Alberta Distillery Releases Chai Liqueur Using Canadian-Sourced Ingredients and Secret Family Recipe
FOR IMMEDIATE RELEASE
Alberta-based distillery Field Notes is launching its second product for Albertans to enjoy, called Jaya Chai Liqueur. It’s an aromatic new spirit crafted from a secret family recipe inspired by co-founder Faaiza Ramji’s Canadian-South Asian heritage, where chai is offered as a sign of hospitality in every interaction. Chai liqueurs are rare in the Canadian market and Jaya Chai Liqueur uses distilled Canadian oats, filtered water, assam tea, Alberta beet sugar and a blend of spices like cardamom and clove for an invigorating, authentic chai flavour.

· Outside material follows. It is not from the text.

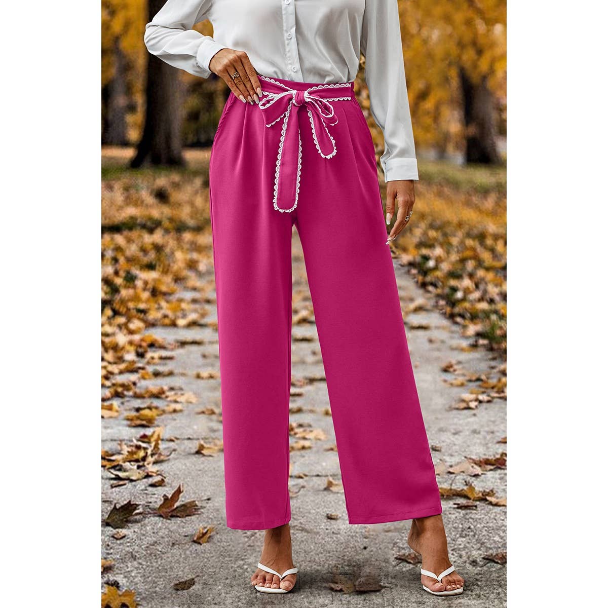 Straight Leg Elastic High Waist Lace Tie Trim Pants

“In my family and culture, every interaction starts with chai,” says Ramji. “And each recipe is unique—like a family’s fingerprint. I’m thrilled to be bringing a Canadian-South Asian drink like Jaya Chai Liqueur to Albertans as we gear up for a busy social calendar this fall and winter season. Alberta’s liquor stores and restaurants have been super receptive to adding another Field Notes spirit onto their shelves and menus.”

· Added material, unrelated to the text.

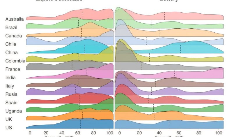Em média, os comités de peritos obtiveram 61 pontos, em comparação com apenas 37 para as lotarias. Embora a alocação de peritos fosse mais aceitável em todo o lado, o apoio às lotarias variou acentuadamente entre países – desde surpreendentemente baixo em França e no Chile até relativamente elevado na China, na Índia e nos EUA.

Jaya Chai Liqueur is best served on ice, with a splash of cream, or as a substitute in any classic coffee cocktail. Alongside the award-winning Sweet Pea Amaro released by Field Notes in 2021, Jaya will is now available in retail and hospitality locations across Alberta.
ABOUT FIELD NOTES
Field Notes is an award-winning Alberta-based distillery using often-overlooked ingredients grown in Canada in abundance. Following the 2021 release of its innovative debut liqueur, Sweet Pea Amaro, Field Notes made history as the first company in North America to fashion commercial spirits from field peas—a crop of which Canada leads globally in production and export. A kind of pilgrimage into Canadian Prairie terroir, Field Notes uncovers the seemingly hidden gems of Canadian agriculture and distils them to the masses—one unique spirit at a time.
ABOUT THE FOUNDERS
Field Notes is the brainchild of Faaiza Ramji, an Edmonton-based entrepreneur with a naturally curious disposition. During a directorial tenure in economic development she learned the immense value of agriculture in Alberta: Although Canada produces many of the basic ingredients the world relies upon, very few of those ingredients end up as finished products on local shelves, sacrificing GDP, jobs and additional downstream benefits to foreign countries. Greatly influenced by her South Asian heritage—where her grandmother, aunts and mother embraced natural remedies using herbs and spices to aid digestion, boost immunity, and even nourish skin—Faaiza formed a partnership in 2021 with Lindsey Good, a dedicated grower and owner of a 100-year old farm in southern Alberta. Together, driven to build a complete food ecosystem within the Canadian Prairies by turning more local crops into more finished products the world can enjoy, Ramji and Good planted the seeds for a new kind of Alberta distillery and called it Field Notes.